How to Cool a Hot Room: 3 Ways

How to Cool a Hot Room: 3 Ways

How to Cool a hot room

Whether you’re building an addition or just tired of wrestling with your window unit twice each year, here are three ways to cool spaces without the expense of adding or extending a central AC system.

Portable air conditioner

Portable air conditioners are similar to window units in operation. They sit on the floor (on casters) and use an adapter kit to vent the hot air through a hose running through a window, a wall or a sliding glass door.


  • They are easy to install and use.
  • You can move them from room to room.


  • They’re almost twice as expensive and use more energy than a window unit with the same cooling capacity.
  • The vent hose can be a nuisance.
  • They take up valuable floor space.

Mini-split system

Long popular in Europe and Japan, a mini-split system air conditioner (sometimes called ductless AC), is a hybrid of central air and a window unit. A small condenser sits outside and connects through a conduit to an inside evaporator mounted high on the wall or ceiling.

Split AC system

It doesn’t require ductwork and can be run to one or more rooms. The small size, quiet operation and individual zoning let you cool only the room you’re using, which can save energy and money.
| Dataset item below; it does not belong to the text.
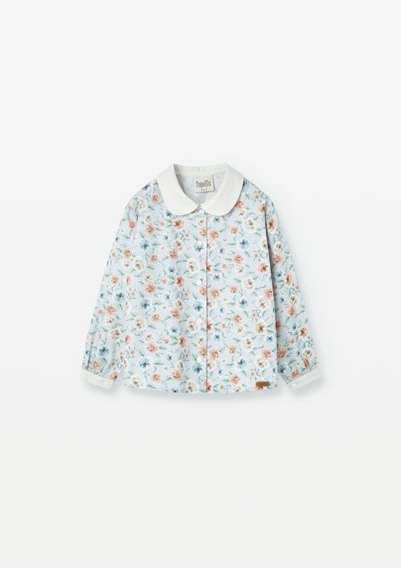 Ref. AW2526 Mod.26.6 Blue flower print shirt with baby collar and puffed sleeves

  • Quiet operation. The condenser sits outside, it doesn’t let in street noise and the indoor fan is whisper-quiet.
  • The system can be mounted anywhere thanks to the small size of the indoor and outdoor components. The conduit, which houses the power cable, refrigerant tubing, suction tubing and a condensate drain, runs through a 3-in. hole hidden behind the indoor evaporator.
  • Zoning flexibility lets you cool rooms individually.


  • Cost. The two units, plus professional installation, typically total $1,500 to $3,000.

In-wall AC unit

An in-wall air conditioner is basically a window unit reengineered for in-wall operation. The primary difference is that it stays put year round.

In-wall air conditioner

An in-wall air conditioner means no more wrestling with a window unit every spring and fall. You frame the opening just as you would frame for a window.


  • Permanent installation means you don’t have to lug it in and out twice a year, and it’s not an easy entry point for burglars.
  • It doesn’t block a window.
  • The size of the unit isn’t limited to a standard window opening, so it can be bigger and more powerful than a window unit.


  • Installation is a substantial construction project, involving siding, framing and interior walls.
  • You may need to install a new electrical circuit. Some larger units require 240 volts (although most smaller units can be plugged into a standard 120-volt outlet).